# Soy Milk in bread recipes?



## JoeV (Nov 25, 2008)

I was visiting my brother last evening and had my first taste of soy milk. Not bad, but there was a "chalkiness" in the texture. On the way home I bought a 1/2 gallon to try out with various recipes, and to see what DW thought about it. 

My questions are, 

1. Can soy milk be a suitable substitute for cow's milk in bread recipes.

2. Does it affect the texture of the crumb?

3. Does it affect the flavor of the bread, or add any different flavor to the bread?

4. I noticed that soy milk comes in vanilla and chocolate. Has anyone tried the vanilla in a bread recipe, and what did you learn from that?

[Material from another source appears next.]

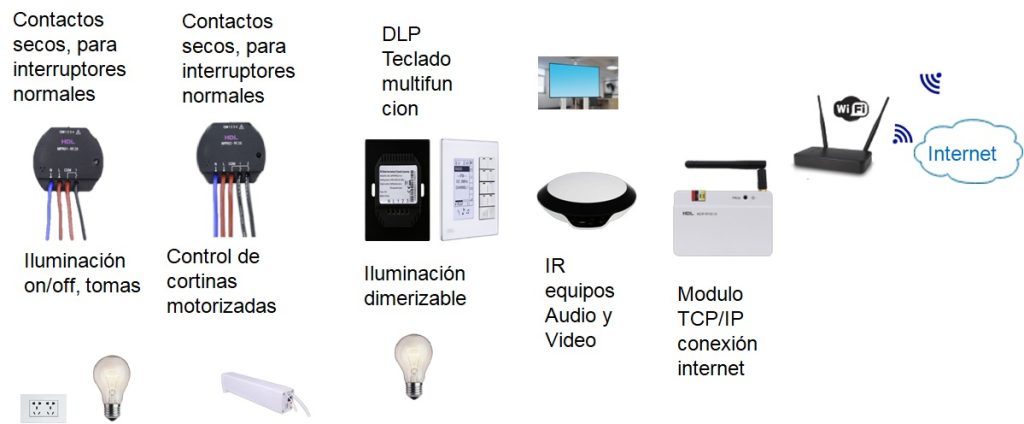 estos equipos se comunican a un Gateway que es el puente para la conexion TCP/IP para el control desde las aplicaciones moviles desde cualquier parte del mundo.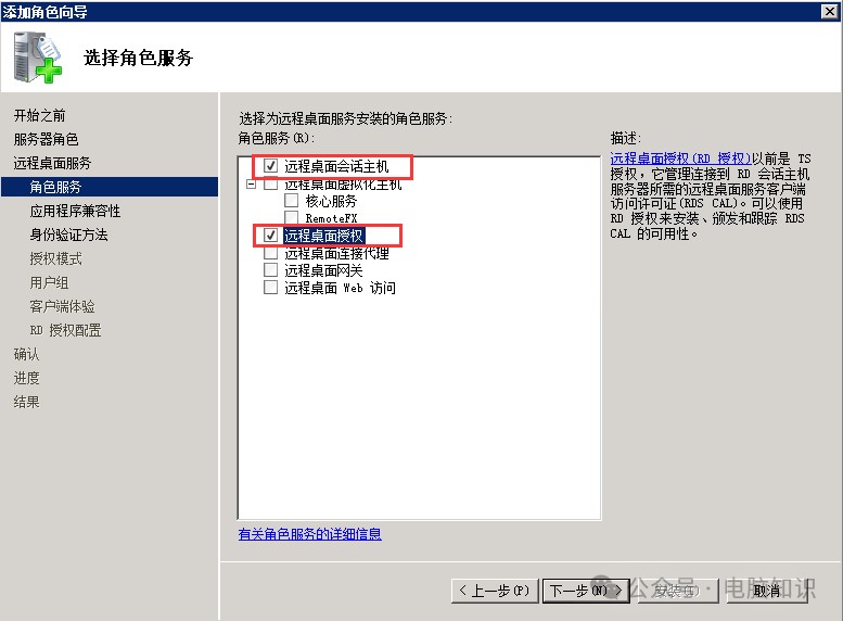 选择角色服务:”远程桌面会话主机“和”远程桌面授权“,下一步

For Pie Susan, I saw a Challah recipe titled "Soy Vey" and immediately thought of you.  Interesting play on words.

JoeV


----------



## gadzooks (Nov 25, 2008)

I have used vanilla soy milk in bread recipes, part whole wheat and all whole wheat, and it has worked well. Nice texture, fine crumb, good flavor. I used recipes from Meta Givens' Modern Encyclopedia of Cooking, which are, I think, very forgiving.


----------



## CharlieD (Nov 25, 2008)

I do not like to use soy milk for substitute it has a weird taste that I do not like. I use "Coffee rich" non-dairy creamer for milk substitute when needed.


----------



## vyapti (Nov 25, 2008)

I don't bake much, so I can't tell you about soy milk with regard to bread.  I like vanilla soy milk in pancakes, though.  Generally speaking, though, soy milk is sweeter than regular milk and will affect the taste of the final product.  I use unsweetened soy milk for cooking.  Unsweetened is different than plain and more closely resembles dairy milk in flavor.  Another option might be almond milk, which has a more neutral flavor than soy.


----------



## JoeV (Nov 25, 2008)

Thanks, everyone. I guess I'll give it a try and let you know how it turns out. At worst, i'm out a little flour.

JoeV


----------